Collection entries

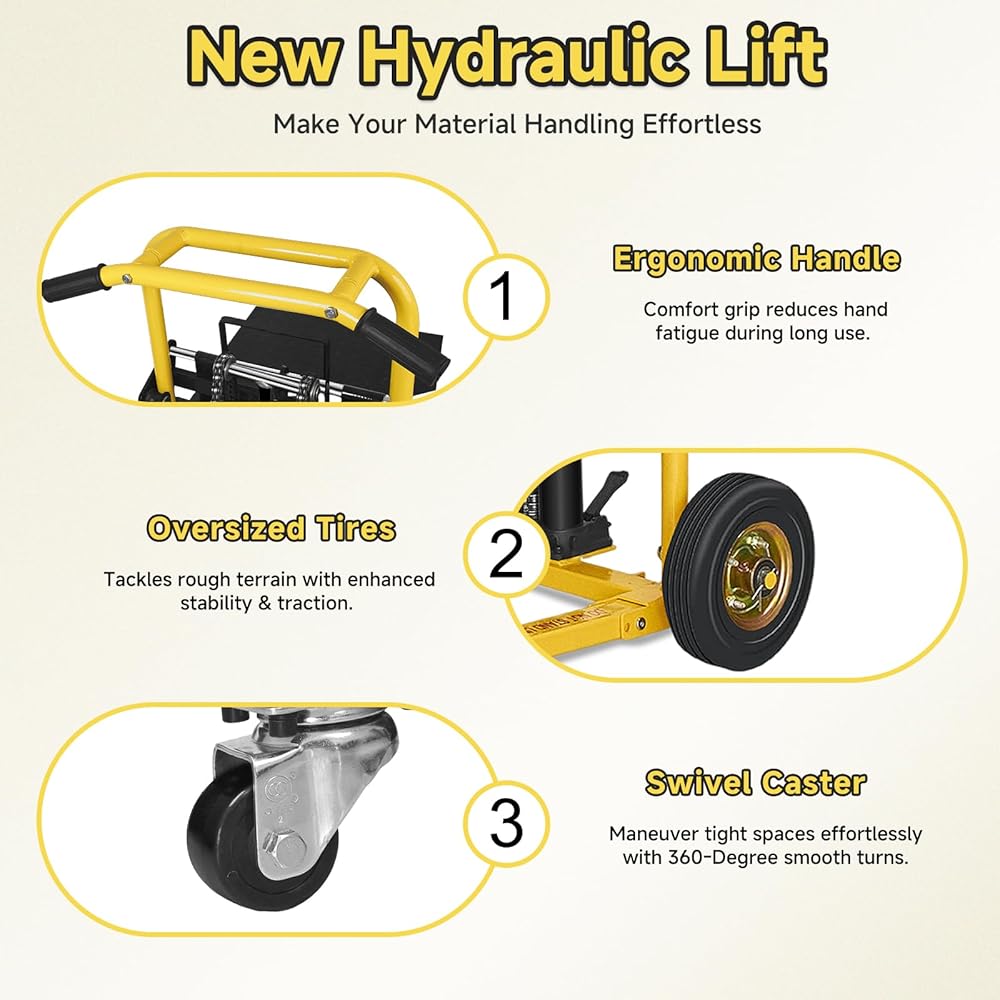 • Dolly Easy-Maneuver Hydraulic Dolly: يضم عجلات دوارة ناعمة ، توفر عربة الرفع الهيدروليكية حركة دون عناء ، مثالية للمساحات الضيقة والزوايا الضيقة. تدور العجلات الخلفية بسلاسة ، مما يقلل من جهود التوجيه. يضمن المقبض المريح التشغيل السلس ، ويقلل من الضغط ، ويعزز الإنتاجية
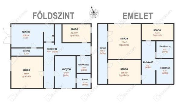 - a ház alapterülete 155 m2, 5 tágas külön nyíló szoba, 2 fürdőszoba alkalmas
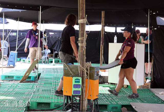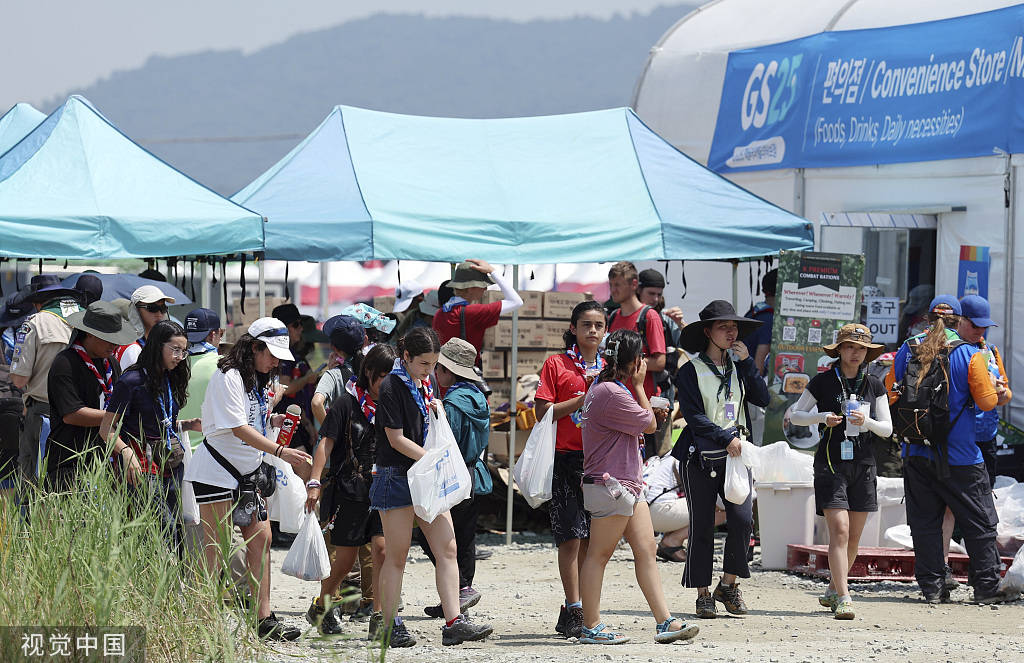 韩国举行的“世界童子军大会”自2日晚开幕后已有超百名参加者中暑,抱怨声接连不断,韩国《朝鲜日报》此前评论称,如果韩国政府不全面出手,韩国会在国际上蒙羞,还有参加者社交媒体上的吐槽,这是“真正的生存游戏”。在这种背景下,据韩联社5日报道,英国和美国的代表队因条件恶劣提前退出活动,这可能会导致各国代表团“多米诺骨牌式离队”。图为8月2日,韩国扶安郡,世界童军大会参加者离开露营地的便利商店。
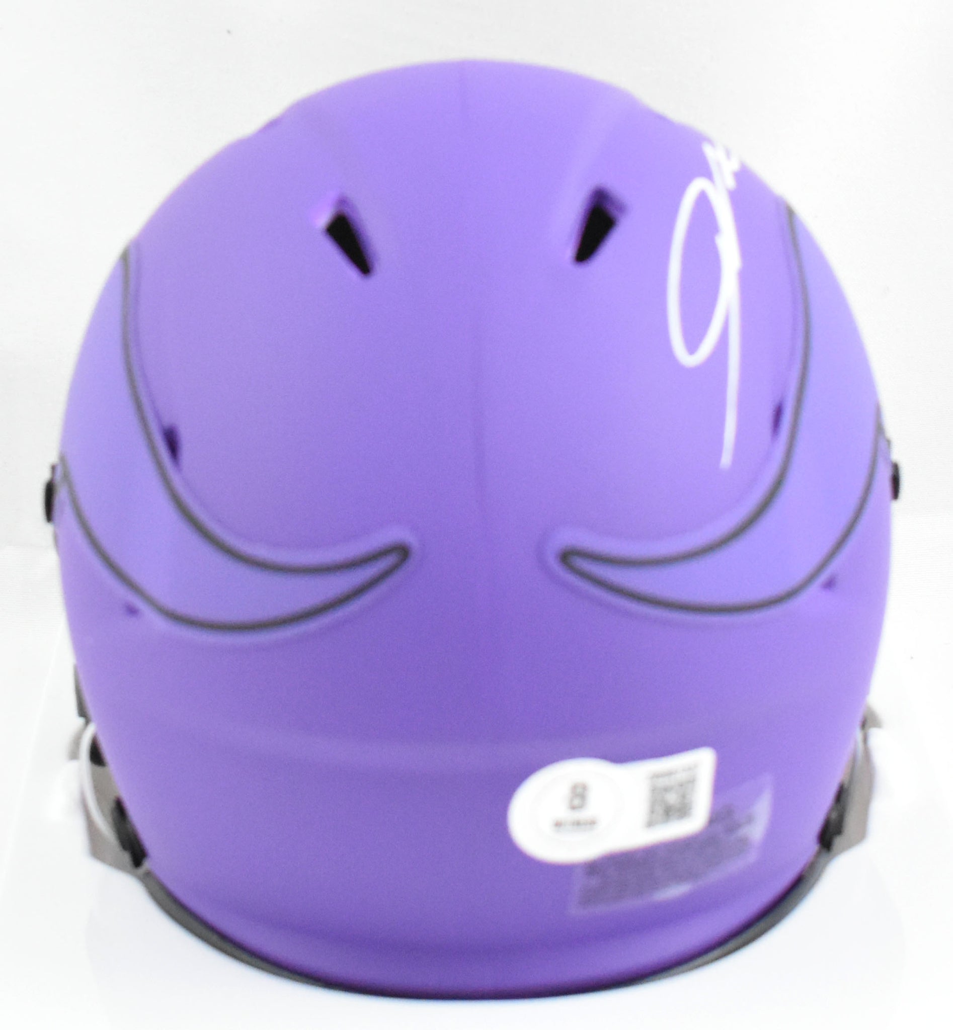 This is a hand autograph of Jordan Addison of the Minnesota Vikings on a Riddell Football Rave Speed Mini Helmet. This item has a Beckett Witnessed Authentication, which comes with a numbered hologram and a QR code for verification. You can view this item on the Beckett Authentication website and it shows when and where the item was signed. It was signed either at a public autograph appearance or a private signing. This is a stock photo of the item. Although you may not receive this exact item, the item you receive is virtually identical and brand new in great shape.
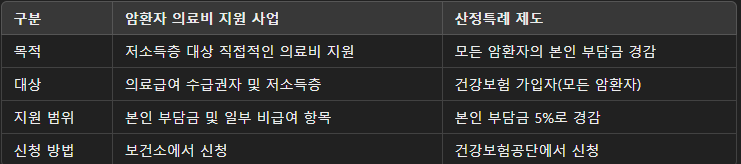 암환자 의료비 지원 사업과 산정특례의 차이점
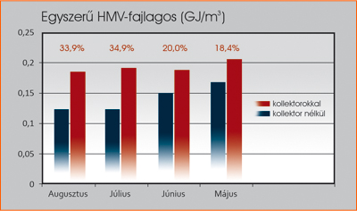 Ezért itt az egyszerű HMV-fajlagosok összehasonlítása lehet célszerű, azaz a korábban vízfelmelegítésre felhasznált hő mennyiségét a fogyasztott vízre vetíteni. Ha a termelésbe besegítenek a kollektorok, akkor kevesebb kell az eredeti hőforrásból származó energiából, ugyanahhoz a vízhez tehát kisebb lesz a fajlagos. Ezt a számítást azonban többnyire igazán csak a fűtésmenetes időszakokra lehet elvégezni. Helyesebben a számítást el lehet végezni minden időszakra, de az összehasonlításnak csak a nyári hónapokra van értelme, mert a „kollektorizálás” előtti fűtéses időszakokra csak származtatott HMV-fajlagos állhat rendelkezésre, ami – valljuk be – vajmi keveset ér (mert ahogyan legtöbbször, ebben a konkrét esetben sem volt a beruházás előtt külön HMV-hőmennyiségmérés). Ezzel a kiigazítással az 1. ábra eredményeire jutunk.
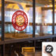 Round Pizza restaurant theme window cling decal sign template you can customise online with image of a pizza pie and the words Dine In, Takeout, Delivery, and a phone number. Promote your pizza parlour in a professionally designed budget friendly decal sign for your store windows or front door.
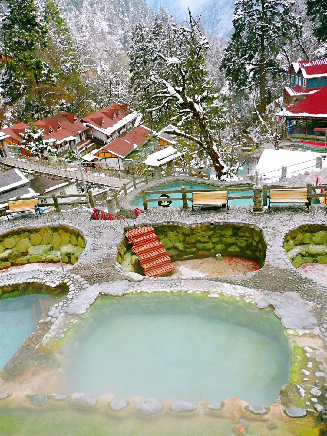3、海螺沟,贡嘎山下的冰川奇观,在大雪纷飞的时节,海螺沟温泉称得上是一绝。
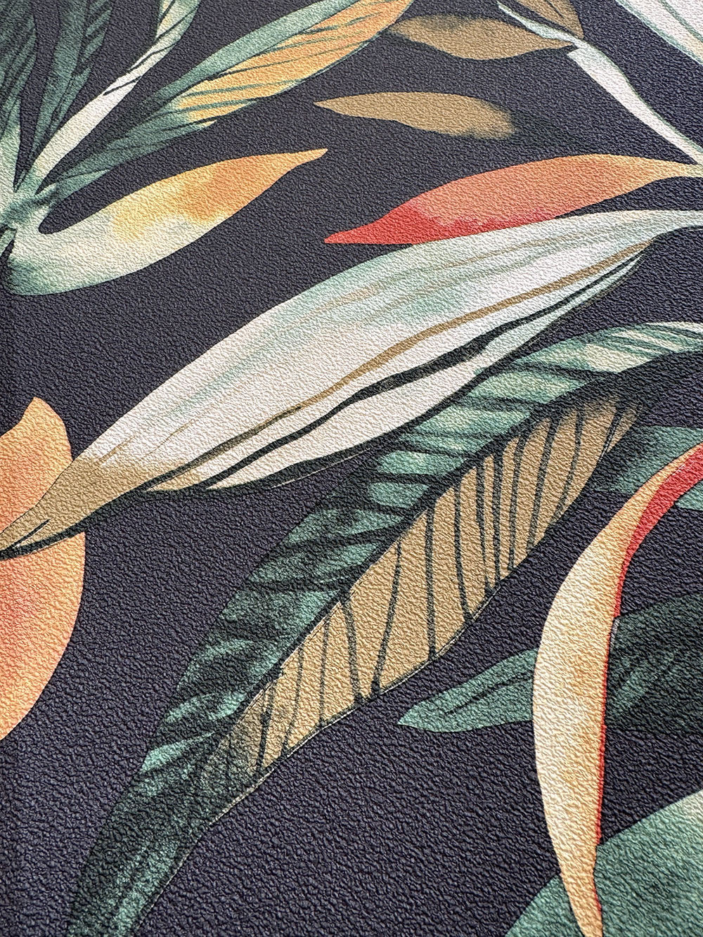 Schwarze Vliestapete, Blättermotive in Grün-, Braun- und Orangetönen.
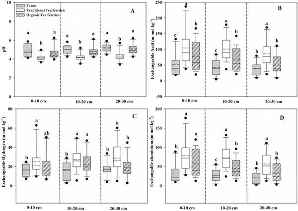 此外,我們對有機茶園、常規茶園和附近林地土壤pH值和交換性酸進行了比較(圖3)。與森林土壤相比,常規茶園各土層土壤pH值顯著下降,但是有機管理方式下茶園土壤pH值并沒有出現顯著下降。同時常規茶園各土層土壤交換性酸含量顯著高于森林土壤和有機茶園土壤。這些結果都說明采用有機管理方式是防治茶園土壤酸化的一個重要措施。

WORK ITEM
Beginning with the line that contains "Schwarze Vliestapete, Blättermotive" and ending with the last line of the data, transcribe each line exactly; pictures stay out.

REPLY
 Schwarze Vliestapete, Blättermotive in Grün-, Braun- und Orangetönen.
 此外,我們對有機茶園、常規茶園和附近林地土壤pH值和交換性酸進行了比較(圖3)。與森林土壤相比,常規茶園各土層土壤pH值顯著下降,但是有機管理方式下茶園土壤pH值并沒有出現顯著下降。同時常規茶園各土層土壤交換性酸含量顯著高于森林土壤和有機茶園土壤。這些結果都說明采用有機管理方式是防治茶園土壤酸化的一個重要措施。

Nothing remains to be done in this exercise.